TERMS OF USE
  • TERMS OF USE

     

    The following terms and conditions govern the usage of this website by you to retrieve, review, and print personal trust and investment account information (the “Services”).  Sentinel Trust Company, LBA (herein referred to as “Sentinel Trust,” “we,” “us,” or “our”) provides and makes available this website and all associated Services available through the website and all materials, documents, data, information, and other content (the “Content”) available through this website (such, Internet website, the Services, and Content, referred, collectively, as the “Site”) pursuant to the terms and conditions of this Terms of Use agreement and all other policies, notices, and disclosures displayed on the Site (collectively, the “Agreement”). Please read the terms and conditions of this Agreement carefully. By indicating your acceptance of these terms and conditions, you agree that your use of the Services available at the Site will be governed by these terms and conditions and hereby acknowledge and agree to be bound by the provisions of this Agreement for the use of all of the Services available at the Site.  We reserve the right to discontinue the Services to you in the event that you do not comply with the terms and conditions contained herein.

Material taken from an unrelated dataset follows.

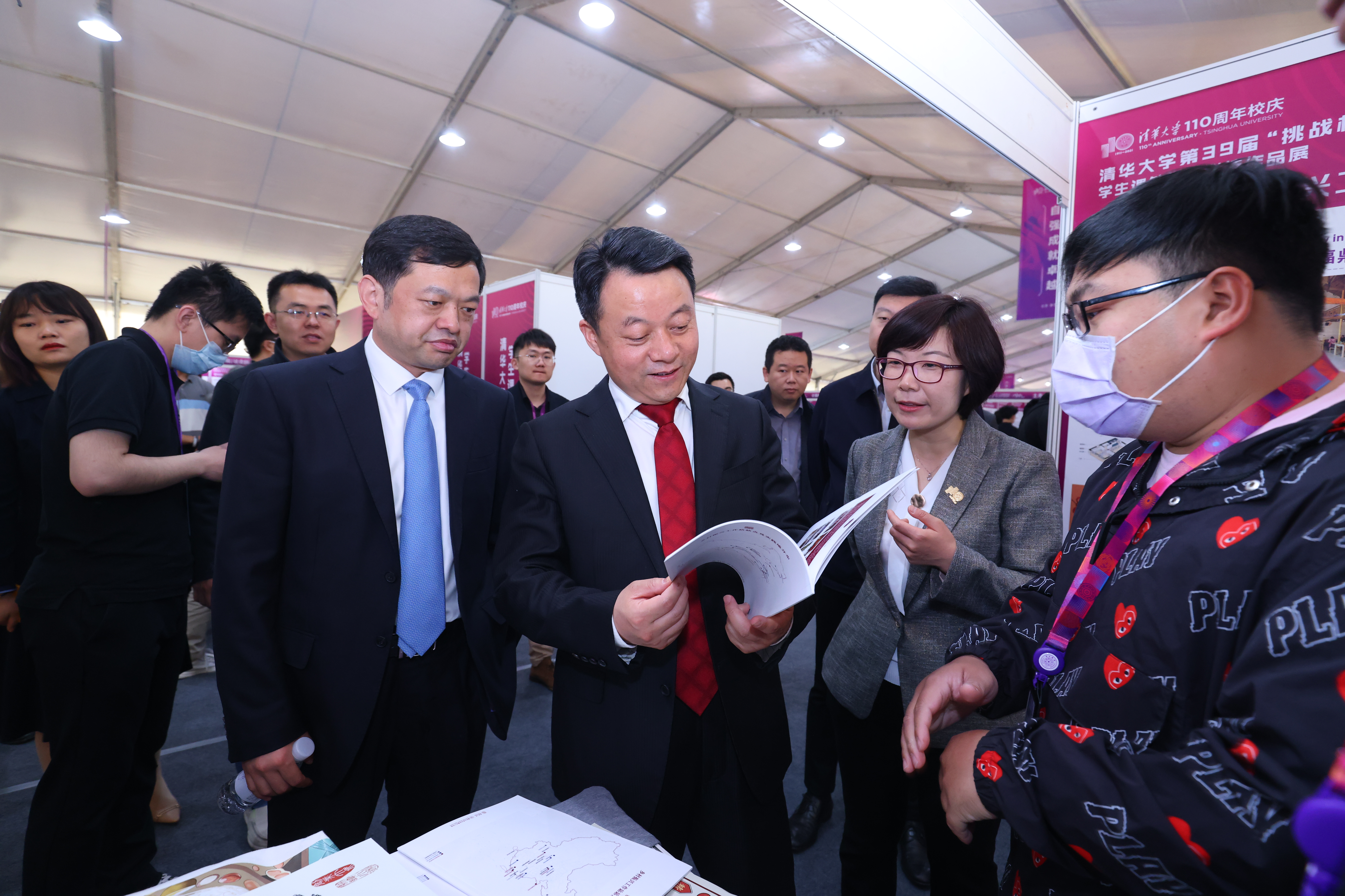 开幕式结束后,校领导和来宾参观了“挑战杯”学生课外学术科技作品展。

    1.        ACCEPTANCE OF THE TERMS OF USE.

    Thank you for visiting the Site. Before using the Site and/or any Services, please review this Agreement. You understand and agree that we may change this Agreement at any time. You may read a current, effective copy of this Agreement at any time by selecting the Terms of Use link at the www.sentineltrust.com. If any change to this Agreement is not acceptable to you, your sole remedy is to cease accessing, browsing, and using this Site to access the Services.

    YOU ACKNOWLEDGE AND AGREE THAT YOU HAVE READ AND UNDERSTOOD THIS AGREEMENT AND THAT YOU AGREE WITH ALL TERMS AND CONDITIONS OF THIS AGREEMENT WITHOUT RESERVATION.

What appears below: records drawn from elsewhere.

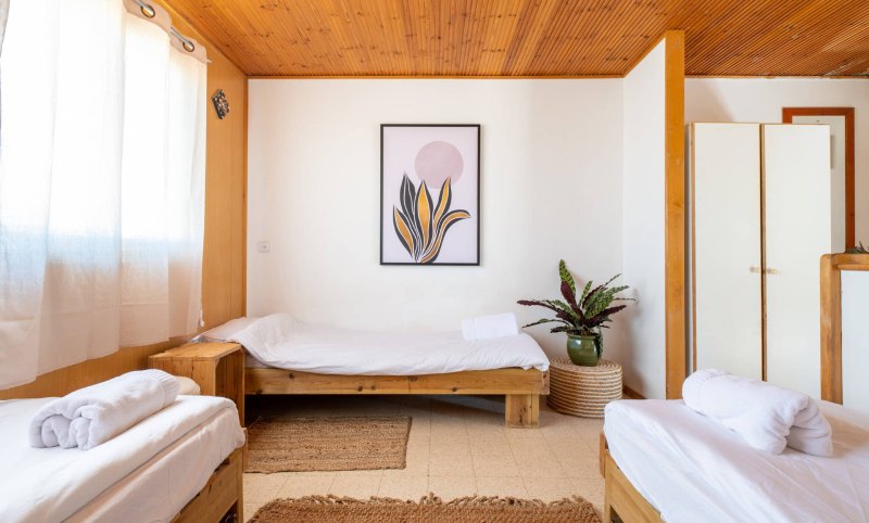 מה בפנים: מיטה זוגית (או 2 מיטות נפרדות) עם מזרני פרימיום ומצעים, אפשרות ל-2 מזרני ילדים.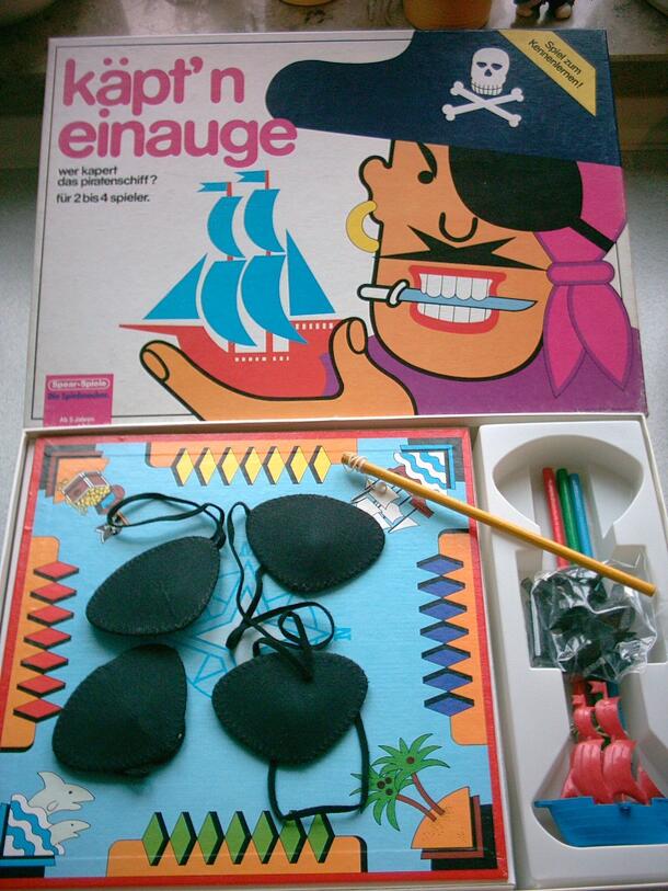 The players are pirates and wear patches over one eye. Then they try to pick up a ship on the game board (simultaneously), using a kind of fishing rod with a hook, which is difficult, as they have impaired vision. Each time a player can pick up the ship, he or she gets a ship token. There is a fine of one ship token for knocking over the ship. The first...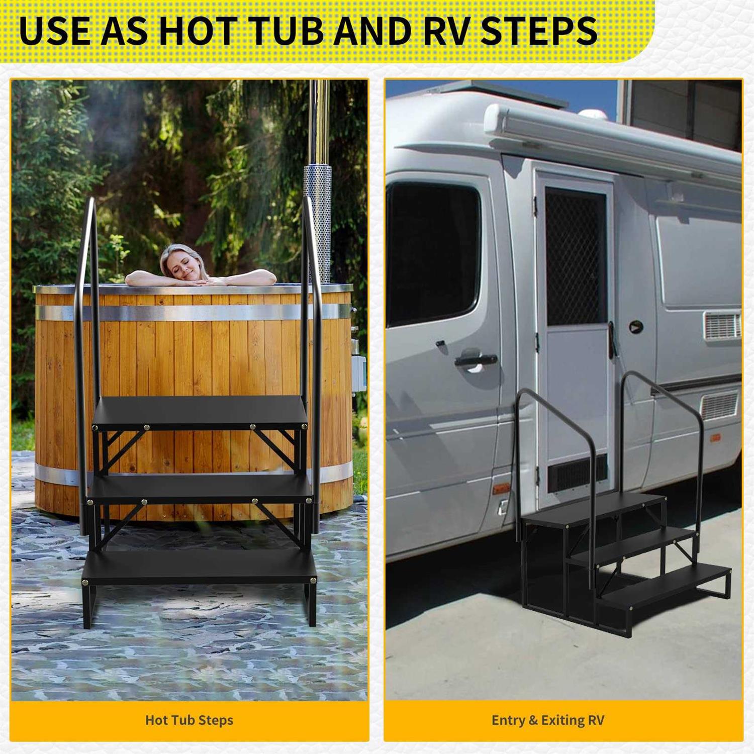 Coocure Updated Rv Steps with handrail Mobile Home Stairs Steps Outdoor Hot tub Steps with handrail. Portable Stairs for 5th Wheel Rv
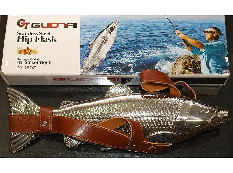 Кілька примірників у наявності Фляга сувенірна "Риба" 540мл в чохлі Продається гуртом та в роздріб з доставкою по Україні Країна виробник: Китай Матеріал: Нержавіюча сталь Об`єм: 0.54 л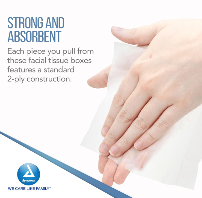 Dynarex Facial Tissues are designed to be soft and delicate for sensitive skin.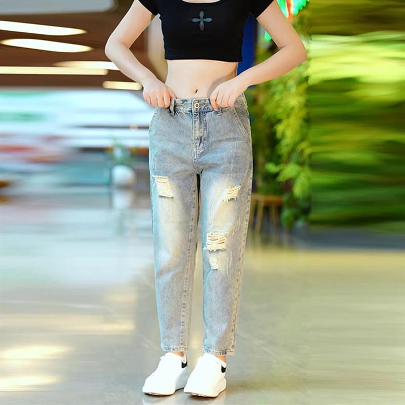 남성 가을 약간 루즈한 9부 남성 청바지 스몰 스트레이트 캐주얼 찢어진 레트로 슬림 패션 Douyin 핫 스타일스토어 가기

    2.        REGISTRATION AND YOUR RESPONSIBILITIES.

    2.1        User ID and Password. You will be provided with a user ID and password to access certain portions of the Site (your “Account”). You may be required to change your password from time to time.  Passwords requirements follow generally accepted standards for password length and complexity and include the following criteria:  a minimum of eight characters, at least one upper case letter, at least one lower case letter, at least one number, and at least one special character (e.g., &*^%$).  Users are automatically blocked after five incorrect password attempts.  Blocked accounts can only be unlocked by an authorized administrator. 

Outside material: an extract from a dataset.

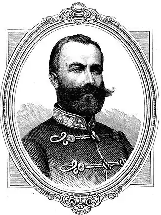 According to József Bánlaky it was Görgei's order to attack the enemy, no matter its size.[11] According to Attila Horváth Görgei did not gave the order to Nagysándor to attack the enemy, but to resist to Russians if they attacked.[12] The cause of this misunderstanding was that the chief of the staff of the I. corps, Major István Pongrácz, in his memoirs written 18 years after the events, remembered wrongly Görgei's order, writing in the newspaper called Hon that Görgei gave him the order to attack the Russians, while the order of his commander sent to him before the battle was only to try to withstand if the enemy attacked.[12] According to Bánlaky Nagysándor discussed with his officers what to do next.[6] Nagysándor and Máriássy sustained Görgei's order, the commander of the cavalry, Colonel István Mesterházy was unsure, Bobich wanted to fight only if the enemy attacked, while Korponay and Pongrácz were against the attack.[11] Seeing this disagreement among his officers, Nagysándor decided not to attack the Russians, but to remain alert all day, and to retreat in silence during the night.[11] According to Máriássy's memoirs, they rode with Nagysándor to the outposts, where they spoke with the officers of the Russian vanguards, who invited them to the five o’clock tea.[11] After the muster parade of the outposts, at 11 a.m., Nagysándor gave up the command to Bobich, and together with Máriássy, Pongrácz and other officers he went in the city, to a restaurant, but they barely started the meal, when they heard the Russian gun shots, signaling the start of the battle, so they immediately rushed to their posts.[11]

    You are solely responsible for maintaining the confidentiality of your user ID and password and we will not be responsible for any breach of security caused by the failure to so maintain the confidentiality of your user ID and password.  If you desire to give access to the Services to your third party accountant, attorney, broker, investment advisor or any other third party performing services on your behalf (“Your Third Party Provider”), you may request a unique user ID and password for such party from us, which will be provided in our discretion and subject to Your Third Party agreeing to be bound by these Terms of Use. You shall immediately notify us in the event of any unauthorized use of your Account or if you become aware of any other breach of security.

    The Services may be provided through a Single Sign On features that allows user IDs and passwords to be validated by an interface provided by Summitas and enables you to view your account information via a Single Sign On.  You acknowledge that you may be taking additional security risks in connecting to your account information through this Single Sign On feature, and agree to accept all such risks and hold us and our Suppliers harmless with respect thereto.

    You have the option of utilizing two-factor authentication (“TFA”).  TFA combines your user ID and password (the first, “knowledge factor”), with the requirement to possess an auto-generated 6-digit access code (the second, “possession factor”).  When TFA is enabled, you enter your user ID and password.  Before you are authenticated, you are prompted to confirm the 6-digit code.  When the user ID, password, and 6-digit code are all entered correctly, you are authenticated and sent to the home page.  TFA will only be prompted if you log in from a new device, IP address or internet browser.  When the login is from a familiar environment, you will not be prompted for the second factor.  You have the option to “Remember This Location” at the TFA verification step.  This will turn off TFA for that specific location and internet browser.  You can switch TFA security code delivery between SMS and email during the TFA login verification step.  Only the mobile number or email address on your user profile can be used.  There is a 5-minute code validation rule that applies to codes sent via email and text.  If access is not validated during this period, the code will expire and you will need to request a new code.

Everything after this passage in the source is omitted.